The attack came a fewhours later.
Yvette jerked awake in the guest bed to the soft chime of a perimeter alert, adrenaline flooding her system. She hadn’t meant to fall asleep. Through the reinforced windows, she could see nothing but darkness and the faint outline of trees swaying in the wind.
The radio Vincent gave her crackled to life. "Three contacts, moving coordinated." His voice was calm. "Stay in the guest room. Lock the door."
She slipped out of bed and moved to the small monitor Vincent had installed in her room, watching the security feeds with growing dread. These weren't the same sloppy killers from two nights ago. These men moved with coordinated efficiency, communicating through hand signals as they approached the house from different angles.
Through the radio monitoring equipment, she heard fragments of their communications: "...minimal force authorized...need her talking, not bleeding..."
Yvette keyed her radio. "Vincent, they want me alive. This is a kidnapping attempt."
"Understood. Stay put."
She watched through multiple camera feeds as Vincent moved through his house like a predator. The first attacker went down in the hallway, Vincent's precise shot dropping him before he could reach the staircase. The second man lasted longer, making it to the kitchen before a flash-bang grenade left him unconscious on the floor. The third, realizing their intelligence had been catastrophically wrong about the level of resistance, called for immediate extraction and melted back into the tree line.

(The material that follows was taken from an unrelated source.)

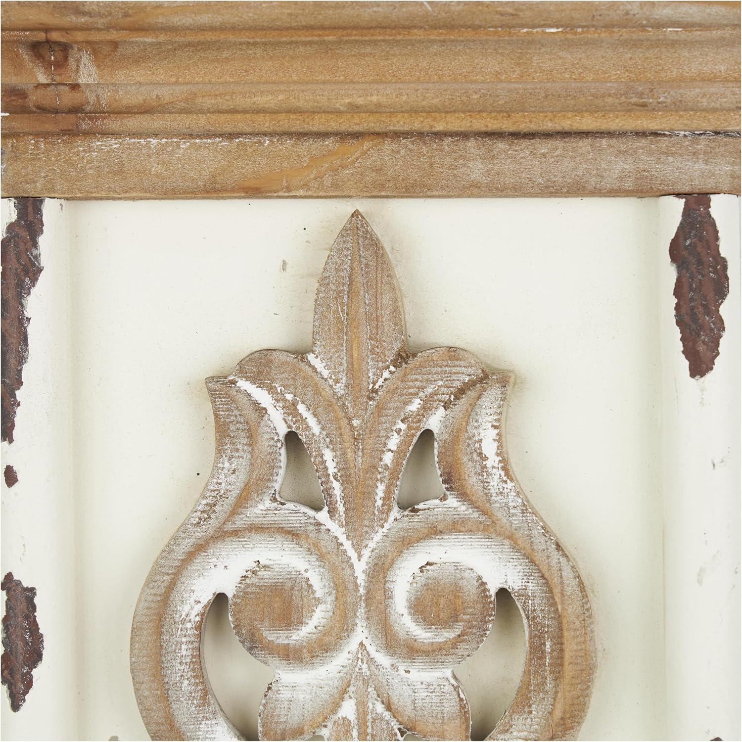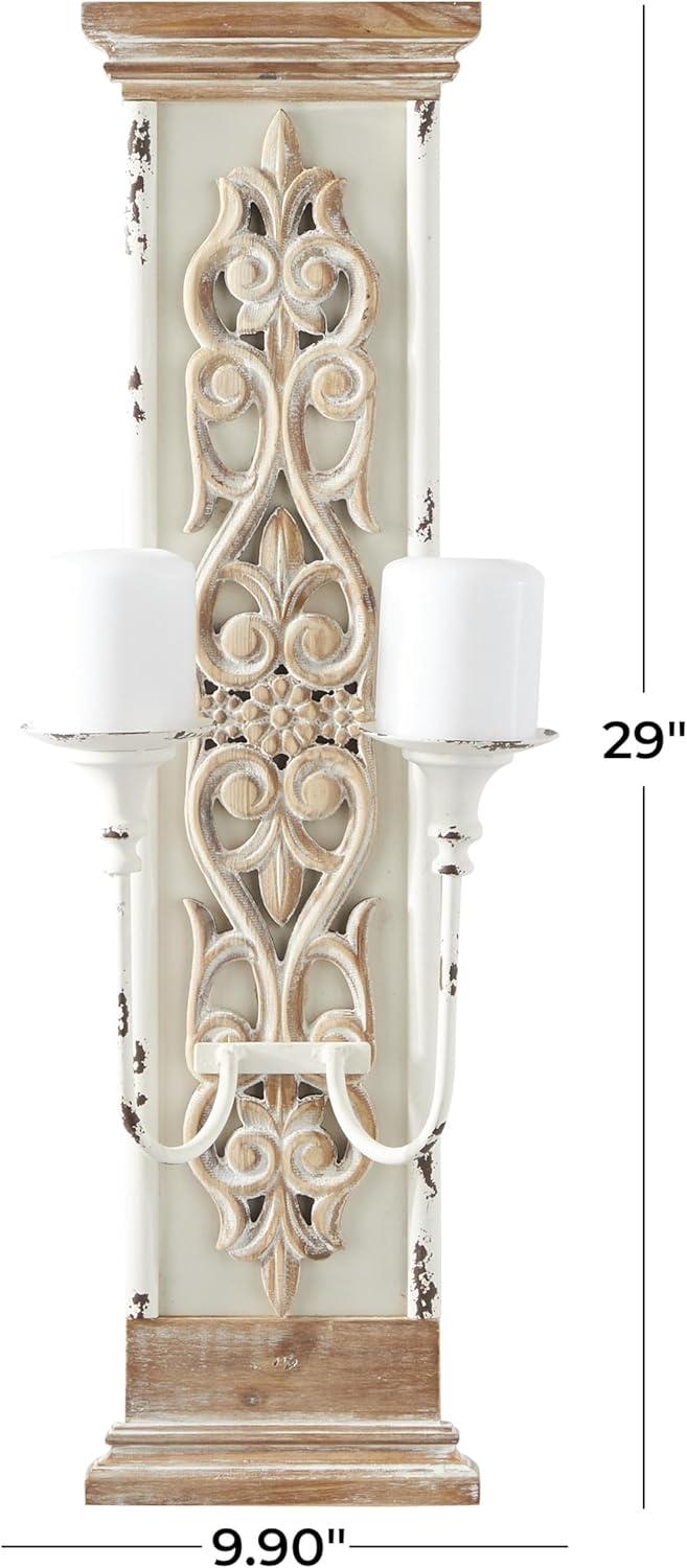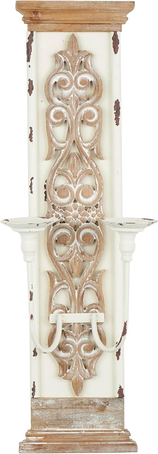SCROLL RECTANGLE WALL SCONCE: Decorative white wall sconce features beautiful carved flourishes on the wooden panel and 2 metal candle plates to hold pillar candles or tea light candles for the perfect ambience glow

"Two down, one retreating," Vincent reported. "House is secure."
When Yvette emerged from her room, her legs were unsteady from adrenaline. The house showed damage from the brief but intense firefight. Bullet holes marked the walls, a window was shattered, and furniture had been overturned in the struggle.
Vincent stood in the middle of it all, checking his weapon with casual efficiency.

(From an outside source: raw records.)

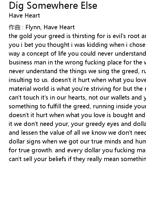 | the gold your greed is thirsting for is evil' s root and the pride of fools, and you i bet you thought i was kidding when i chose to be broke in the most humble way a concept of life you could never understand an ideal too right for a business man in the wrong fucking place for the wrong fucking things you could never understand the things we sing the greed, running inside your head is so insulting to us. doesn' t it hurt when what you love is bought and sold? a material world is what you' re striving for but the real gold is something you can' t touch it' s in our hearts, not our wallets and you' re turning into something to fulfill the greed, running inside your head is so insulting to us. doesn' t it hurt when what you love is bought and sold? and when it comes down to it we don' t need your, your greedy eyes and dollar signs to cheapen the worth and lessen the value of all we know we don' t need your, your greedy eyes and dollar signs when we got our true minds and humble hearts the only tools we need for true growth. and every dollar you fucking make is more spit in my face you can' t sell your beliefs if they really mean something to you. |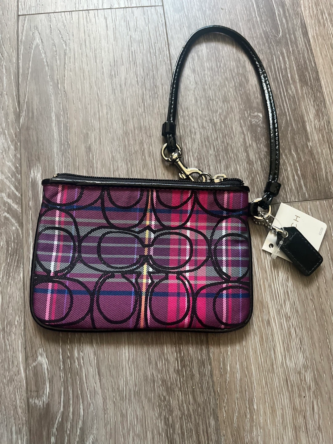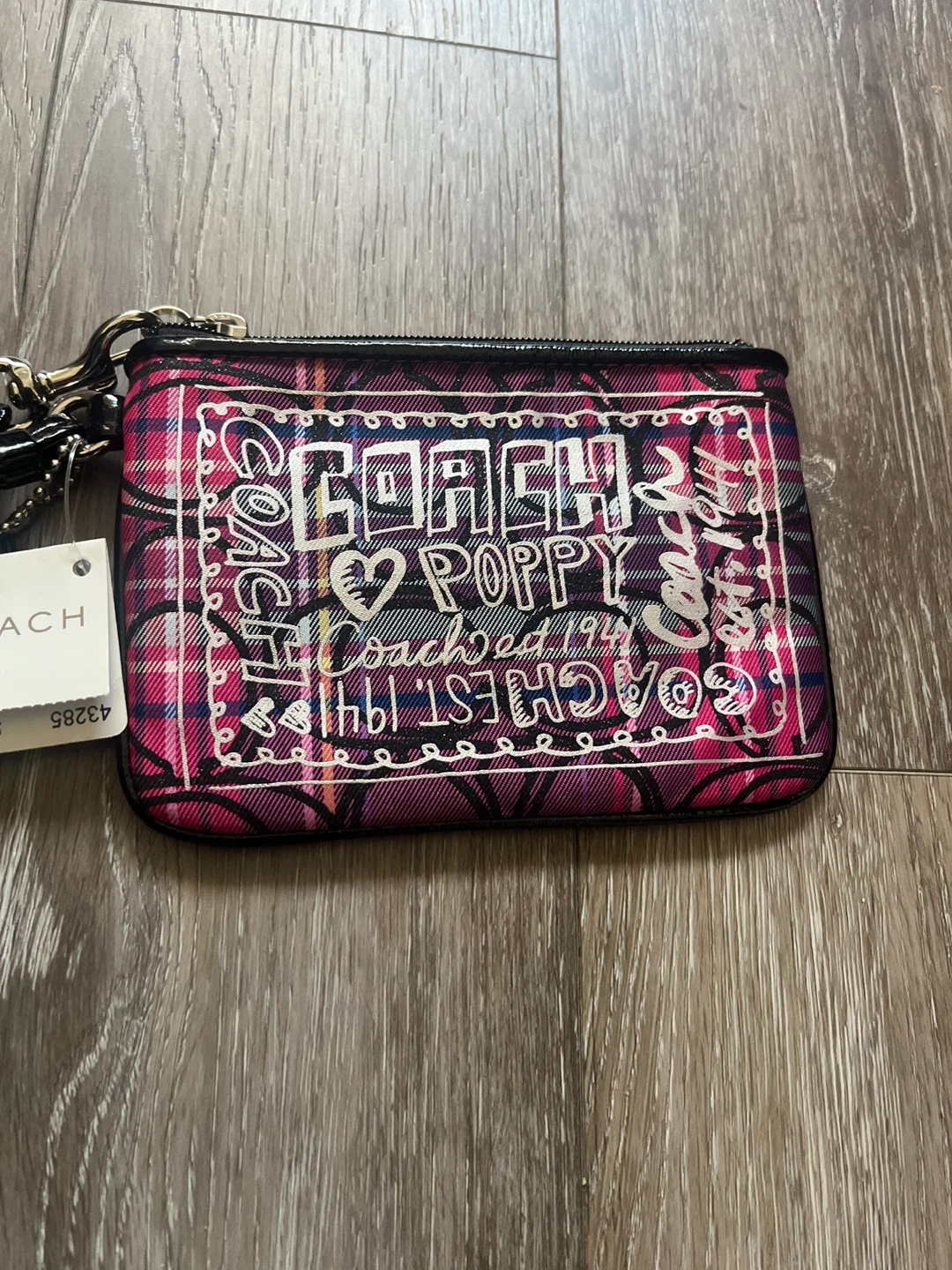 Here's a cute Coach Poppy wristlet! It features a fun, colourful plaid pattern with the Coach logo. The interior is a vibrant pink. Perfect for carrying your essentials! Brand new with tags!! Pickup Brampton or downtown Toronto Rare Vintage Y2K Coach poppy collection piece Stylish and compact, the Coach Poppy Pink Wristlet is perfect for on-the-go convenience. Featuring a vibrant pink design, this wristlet adds a pop of color to any outfit. Crafted by Coach, it combines fashion with functionality.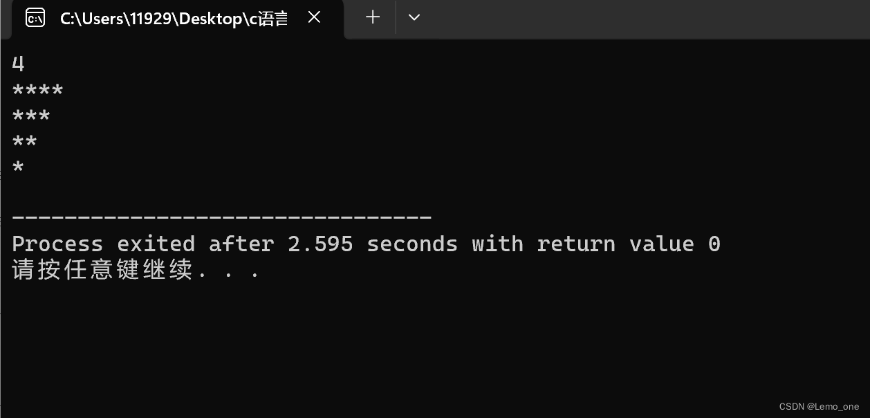 该篇文章展示了如何使用C语言中的嵌套for循环结构,通过printf函数打印出特定的星号图案,以实现简单的控制台输出。

"You're bleeding," she said, noticing the cut on his forearm.
"Just a graze." He secured the weapons from the unconscious attacker. "They came prepared for the wrong fight."

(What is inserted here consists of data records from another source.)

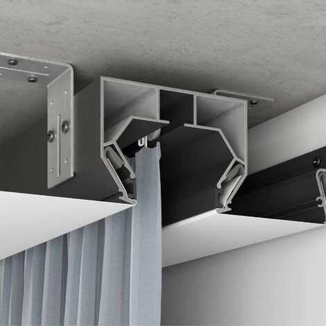 Прекрасное решение для формирования более глубокой ниши для штор в натяжном потолке. Он представляет собой черную или белую нишу в виде прямой линии. Такой вариант только от стены до стены. Есть возможность установки светодиодной подсветки. Так же такой вариант подходит для установки в ванной комнате. Для шторки душа. Если вам подходит такой вид конструкцию, то идеальным вариантом будет профиль выполненный из алюминия, а не ПВХ или дерева. Такие изделия способны выдержать самые большие нагрузки.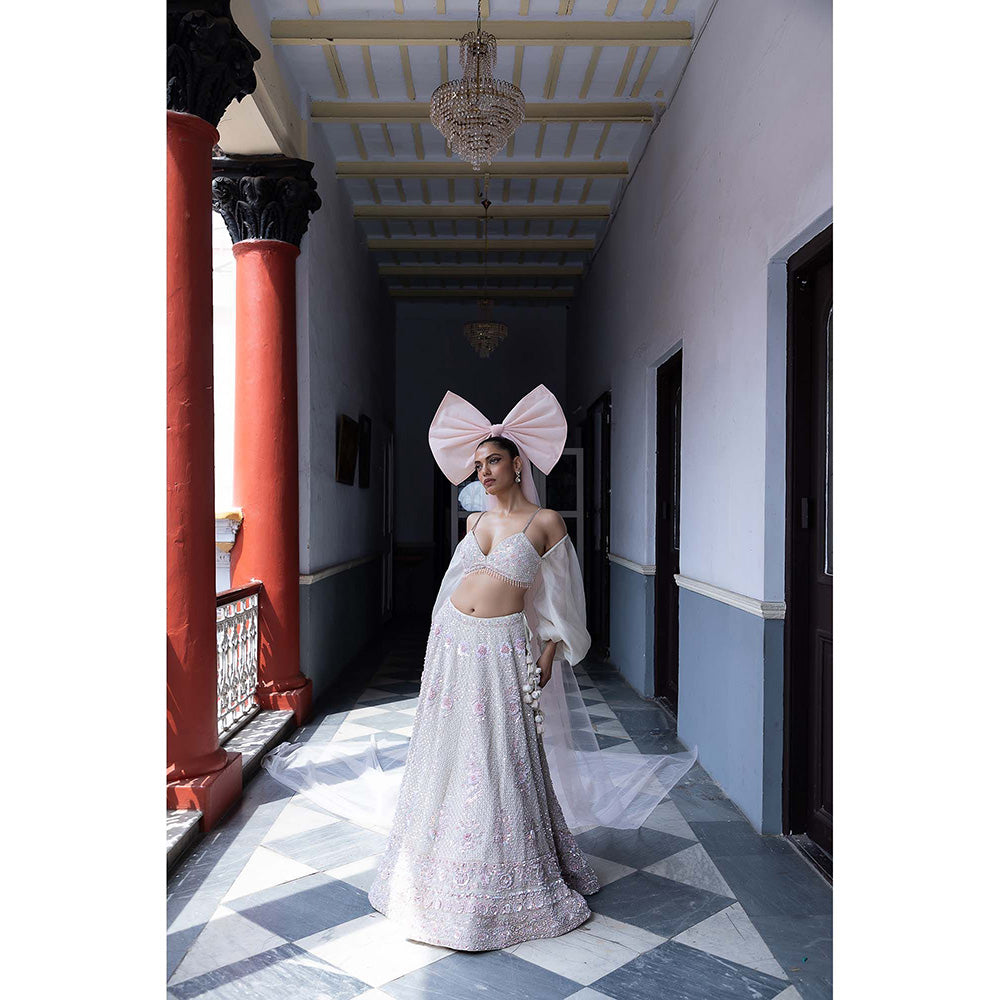 White Rose Enchantment Lehenga with Blouse and Dupatta (Set of 3)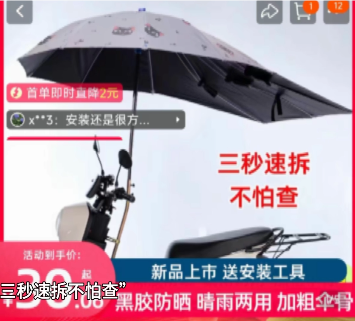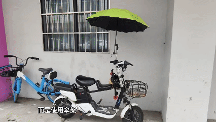 不少人会在电动车上加装遮阳伞

"Because they expected to find a scared accountant, not a fortress." She moved to him, needing to confirm he was really okay. "I was terrified something would happen to you."
His free hand covered hers. "I'm fine. But this changes our timeline. If they wanted you for interrogation, that means they're not sure what evidence you've already transmitted to the feds."
"They're fishing," she realized. "Which makes them desperate."
"And desperate people make mistakes." His thumb traced along her cheek, the gentle touch at odds with the violence that had just occurred. "You did good tonight. Staying calm, monitoring their communications."
Before she could respond, sirens began wailing in the distance. Local police, responding to reports of gunfire in what was supposed to be a quiet suburban neighborhood.
"Agent Bates should be here any minute," Vincent said, checking his phone. "I called her after we spotted that surveillance team yesterday."
As if summoned by his words, federal vehicles pulled into the driveway. Agent Kiri Bates swept into the house with her team, surveying the damage and the unconscious prisoner with sharp, assessing eyes.
"They're escalating faster than we anticipated," she said, studying the unconscious attacker.
"Because their window is closing," Yvette replied, pulling up the communications she'd intercepted on her laptop. "I've been monitoring fragments of their network since yesterday, but it's mostly encrypted. I can see movement patterns, operational timing, but not specific plans."
Agent Bates studied the partial data with growing interest. "How much can you actually access?"
"Not enough to prevent attacks, but enough to see them coming. I can track some communications, get advance warning, but their security is pretty sophisticated." Yvette highlighted the limited intelligence she'd gathered.
"The arrest warrants are taking longer than expected," Agent Bates said grimly. "RareCore's legal team is fighting everything - challenging the evidence chain, claiming corporate privilege, filing injunctions. We should have warrants by morning, but that's still hours away."
"And they know it." Vincent settled his hand on her shoulder. "That's why they're escalating. They're trying to eliminate the witness before the legal system catches up. The question is whether we extract her now or reinforce this position?"
"Extracting her could mean losing what intelligence access she does have," Agent Bates said thoughtfully. "But staying here means accepting the risk that they'll escalate beyond what we can handle."
"We stay," Yvette said firmly. "This house is defensible, and I can maintain my monitoring from here. They’re digging a big hole for themselves and I’m making sure we’ve got enough evidence to nail them on all of this. If we run, we lose any advantage we have."
Agent Bates looked between them, gauging their commitment. "Then we establish a proper defensive perimeter. My team will coordinate with local law enforcement."
As agents transformed the house around them, Vincent squeezed Yvette's shoulder gently. "Are you sure about this?"